To highlight a few key numbers, at the end of '08 the top broadband ISPs had 67.7 million subscribers, with top cable operators accounting for about 54.5% and top telcos the remainder. Top cable operators continue to maintain their edge in subscriber acquisition as well, grabbing 59% of all new broadband subs in '08.
And no surprise to anyone, with the rising penetration levels, the annual increases in total new subs have continued to slow: in '06 top cable and telco ISPs added 10.4M subs, in '07, 8.5M subs and in '08, 5.4M subs. Still, in the teeth of harsh economic downturn in Q4 '08, these ISPs were still able to add over 1M subs, growth that contracting industries like autos, retail and home-building would no doubt have killed for.
Broadband has long since become a utility for many American homes, a service that is as much expected as essentials like electricity and plumbing. A key reason broadband video is enjoying the success it is owes to the fact that broadband subscriptions have been driven for other reasons (e.g. faster email access, music downloads, always-on connectivity) over the years. Video has only recently become an additional and highly-valued benefit, which broadband ISPs now expect will drive interest in faster (and more expensive) broadband service plans.
Broadband's importance to the cable industry is demonstrated by the chart below showing #1 cable operator Comcast's performance over the last 2 years, which I originally posted on last November ("Comcast: A Company Transformed).

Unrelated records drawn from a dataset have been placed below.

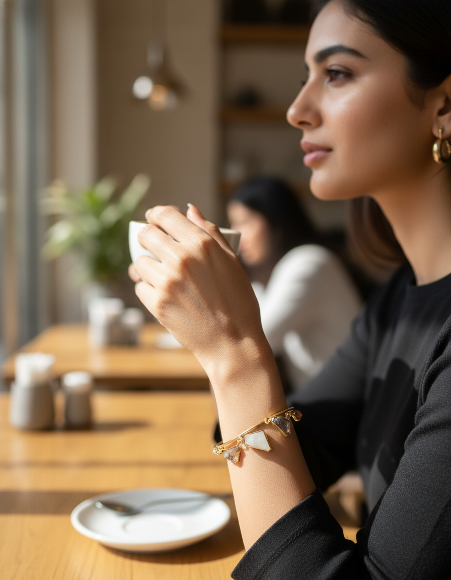 Each bracelet features five hand-selected raw gemstones — uncut, unpolished, and uniquely shaped — set in fine gold-plated bezels. No two stones are ever alike, making each piece a distinct expression of nature’s craftsmanship.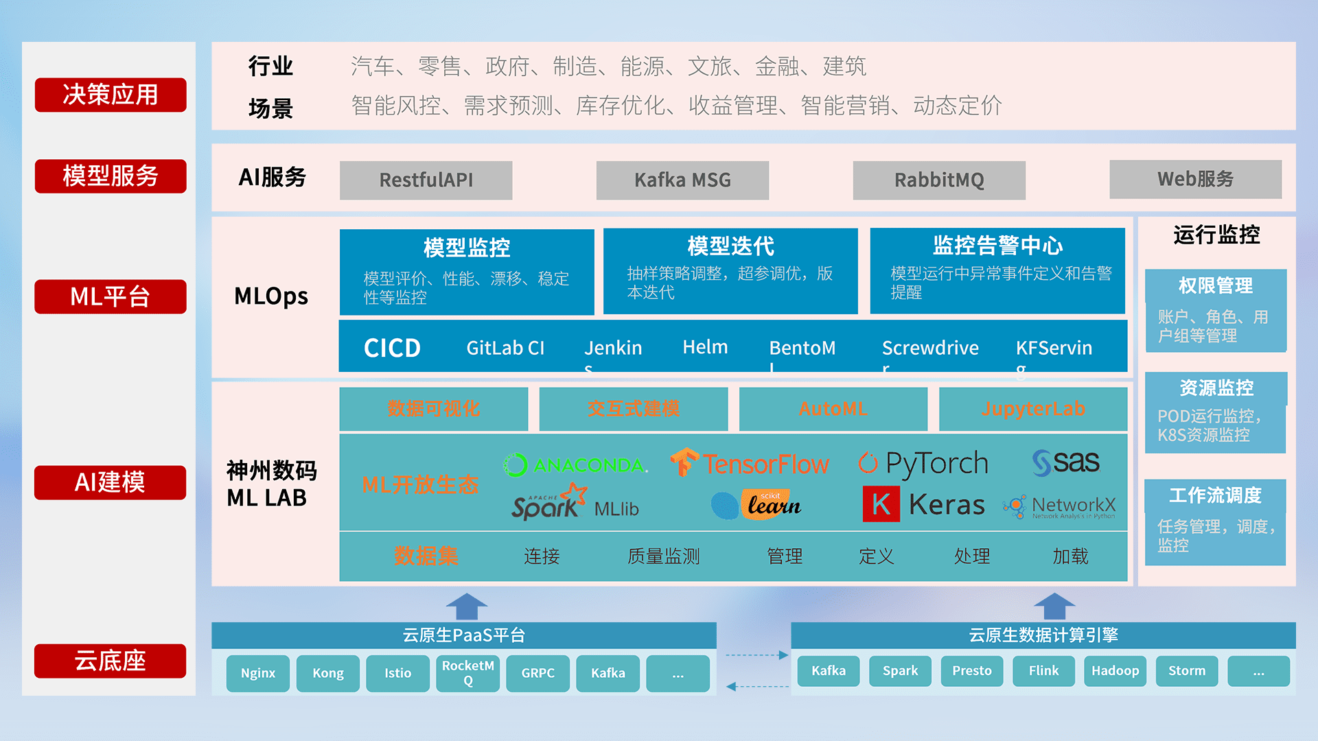 数据+模型双引擎驱动,,面向智能服务场景,,,,快速灵活利用AI技术,,支持业务决策,,,助力企业智能化转型破局。。。。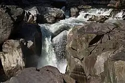 It is situated where the South Fork of the Stillaguamish River leaves its narrow mountain valley, which includes the namesake Granite Falls. The falls has a 540-foot (160 m) fishway and a 280-foot (85 m) tunnel that were built in 1954, at the time the longest fish tunnel in the world.[24] The area where the city was founded was called the "portage" by native tribes in the area, who used the flat area between the two rivers to portage their canoes when traveling.[25] Iron Mountain, which sits at 1,240 feet (380 m) above sea level, lies east of downtown and is home to a quarry.[26] The Rogers Belt, a series of local faults, runs northwest from Granite Falls towards Mount Vernon.[27]

Note the company has now lost basic cable subscribers for 7 straight quarters, even as it continues to add digital video subs and broadband subs (and voice subs) at a healthy clip. I expect these trend lines will continue in their current pattern. No doubt this is the kind of picture that has helped spur Comcast (and #2 operator Time Warner Cable) to begin planning online distribution of cable programming, a feature that I believe will provide highly popular. Operators are in a tremendous position to capitalize on the shifting interests of their subscribers.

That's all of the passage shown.